• Work instructions:
The required output is the stretch from the line containing "外国人里面也有好有坏,你直接" through the line containing "Penandatanganan kerja sama" in the records below, unaltered and with no pictures.

• Records for the task:

——

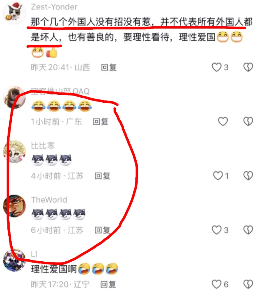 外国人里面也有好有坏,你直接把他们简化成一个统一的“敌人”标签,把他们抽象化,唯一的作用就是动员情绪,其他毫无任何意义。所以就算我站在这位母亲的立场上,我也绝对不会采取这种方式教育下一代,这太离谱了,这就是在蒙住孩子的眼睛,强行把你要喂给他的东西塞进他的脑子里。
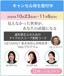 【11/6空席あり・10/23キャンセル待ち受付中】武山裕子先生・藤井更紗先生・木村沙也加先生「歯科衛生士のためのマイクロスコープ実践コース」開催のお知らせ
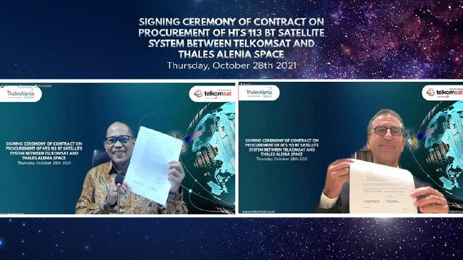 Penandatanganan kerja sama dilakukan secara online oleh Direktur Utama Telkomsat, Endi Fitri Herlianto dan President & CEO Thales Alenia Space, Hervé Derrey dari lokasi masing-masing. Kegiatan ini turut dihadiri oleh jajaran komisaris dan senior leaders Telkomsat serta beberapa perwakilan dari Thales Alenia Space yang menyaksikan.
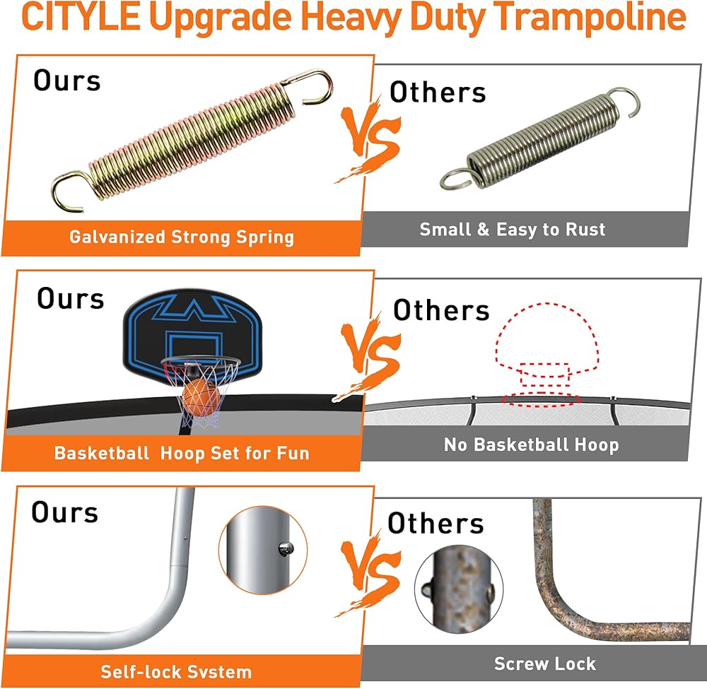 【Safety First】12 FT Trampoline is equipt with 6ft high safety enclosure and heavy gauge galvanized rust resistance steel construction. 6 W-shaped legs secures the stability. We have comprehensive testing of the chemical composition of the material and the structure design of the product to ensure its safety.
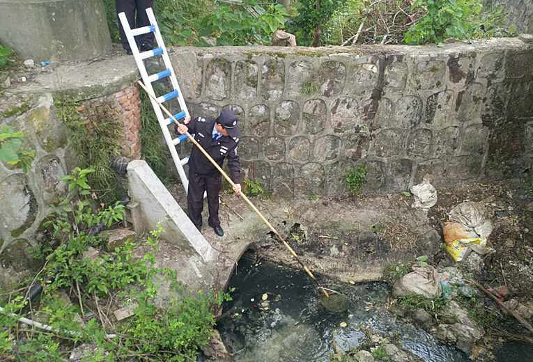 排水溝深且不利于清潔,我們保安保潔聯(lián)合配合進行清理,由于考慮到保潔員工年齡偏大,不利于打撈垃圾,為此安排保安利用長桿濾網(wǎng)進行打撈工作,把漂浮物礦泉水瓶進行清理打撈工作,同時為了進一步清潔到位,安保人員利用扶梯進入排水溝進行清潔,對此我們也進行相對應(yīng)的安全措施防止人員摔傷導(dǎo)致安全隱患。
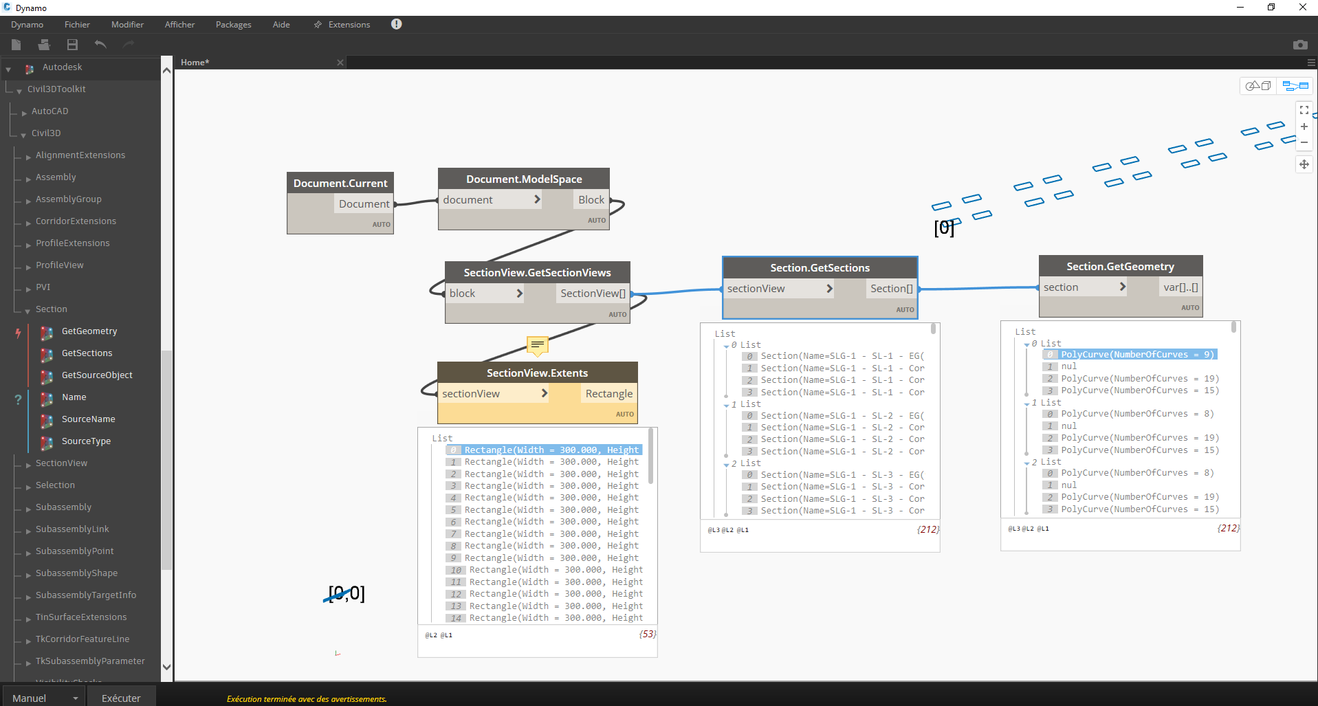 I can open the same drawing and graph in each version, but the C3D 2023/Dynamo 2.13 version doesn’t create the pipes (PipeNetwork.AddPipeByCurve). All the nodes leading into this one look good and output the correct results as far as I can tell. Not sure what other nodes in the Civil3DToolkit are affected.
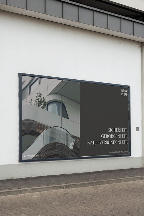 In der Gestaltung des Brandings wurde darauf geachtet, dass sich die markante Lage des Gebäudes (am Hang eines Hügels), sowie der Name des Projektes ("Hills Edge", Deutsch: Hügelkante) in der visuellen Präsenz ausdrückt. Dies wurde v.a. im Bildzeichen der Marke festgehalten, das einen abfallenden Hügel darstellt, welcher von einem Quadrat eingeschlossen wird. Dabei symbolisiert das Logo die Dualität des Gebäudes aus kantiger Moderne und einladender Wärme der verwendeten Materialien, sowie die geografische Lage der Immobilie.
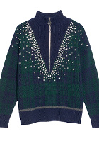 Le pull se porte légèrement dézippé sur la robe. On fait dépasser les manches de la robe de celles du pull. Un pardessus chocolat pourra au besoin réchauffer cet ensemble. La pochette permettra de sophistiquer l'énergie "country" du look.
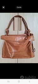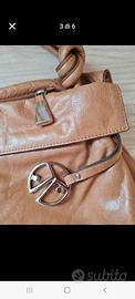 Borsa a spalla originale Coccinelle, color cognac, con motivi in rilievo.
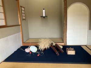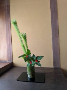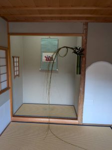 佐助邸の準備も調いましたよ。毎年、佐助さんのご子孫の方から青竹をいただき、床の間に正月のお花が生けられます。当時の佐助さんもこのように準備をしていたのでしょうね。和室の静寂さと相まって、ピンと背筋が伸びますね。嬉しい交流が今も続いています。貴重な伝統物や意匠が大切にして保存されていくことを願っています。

——

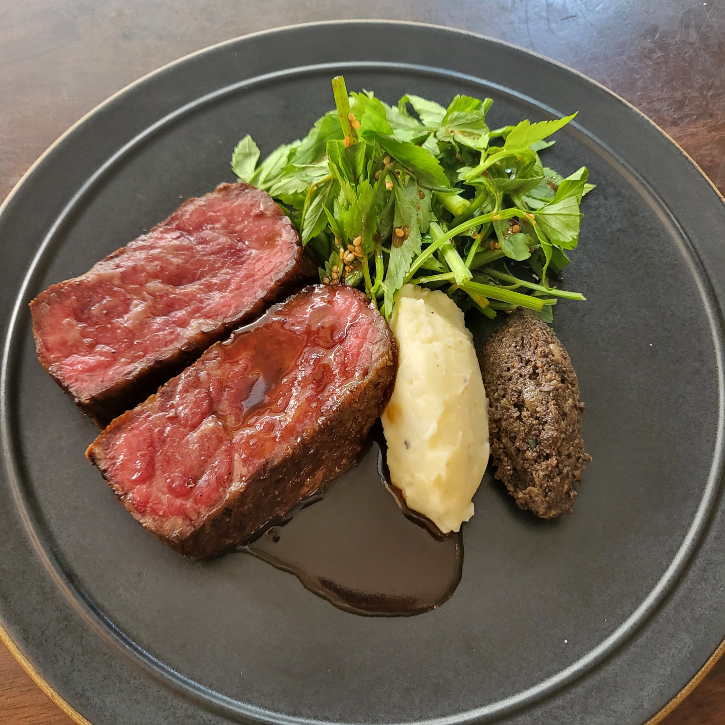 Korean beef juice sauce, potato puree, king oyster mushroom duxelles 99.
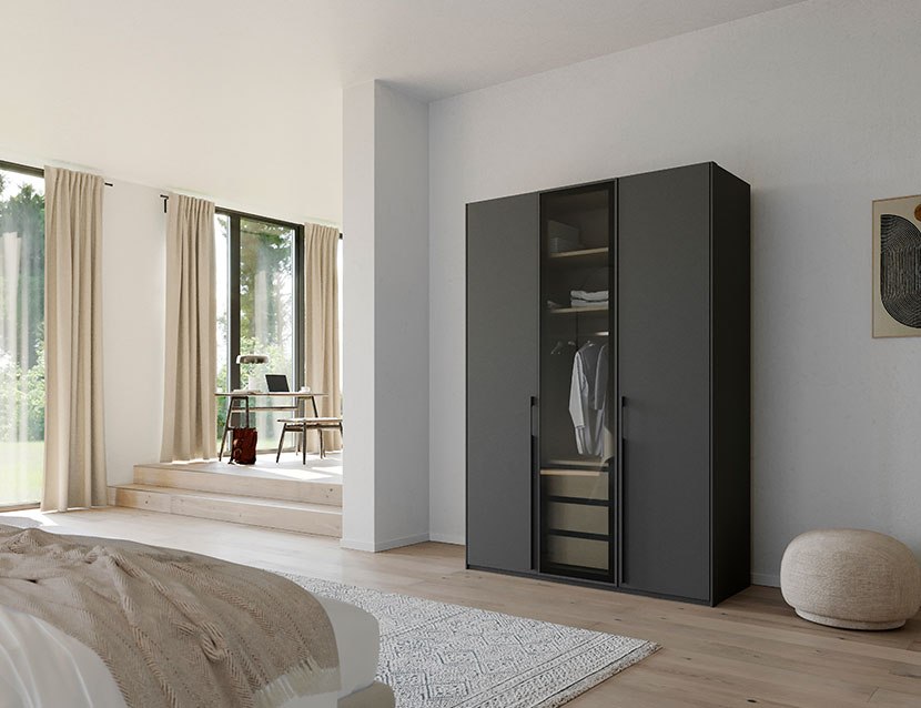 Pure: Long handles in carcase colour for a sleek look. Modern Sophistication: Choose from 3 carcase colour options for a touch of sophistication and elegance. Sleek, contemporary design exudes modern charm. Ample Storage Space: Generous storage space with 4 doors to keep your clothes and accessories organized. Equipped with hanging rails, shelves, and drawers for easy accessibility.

——

• Answer section:
 外国人里面也有好有坏,你直接把他们简化成一个统一的“敌人”标签,把他们抽象化,唯一的作用就是动员情绪,其他毫无任何意义。所以就算我站在这位母亲的立场上,我也绝对不会采取这种方式教育下一代,这太离谱了,这就是在蒙住孩子的眼睛,强行把你要喂给他的东西塞进他的脑子里。
 【11/6空席あり・10/23キャンセル待ち受付中】武山裕子先生・藤井更紗先生・木村沙也加先生「歯科衛生士のためのマイクロスコープ実践コース」開催のお知らせ
 Penandatanganan kerja sama dilakukan secara online oleh Direktur Utama Telkomsat, Endi Fitri Herlianto dan President & CEO Thales Alenia Space, Hervé Derrey dari lokasi masing-masing. Kegiatan ini turut dihadiri oleh jajaran komisaris dan senior leaders Telkomsat serta beberapa perwakilan dari Thales Alenia Space yang menyaksikan.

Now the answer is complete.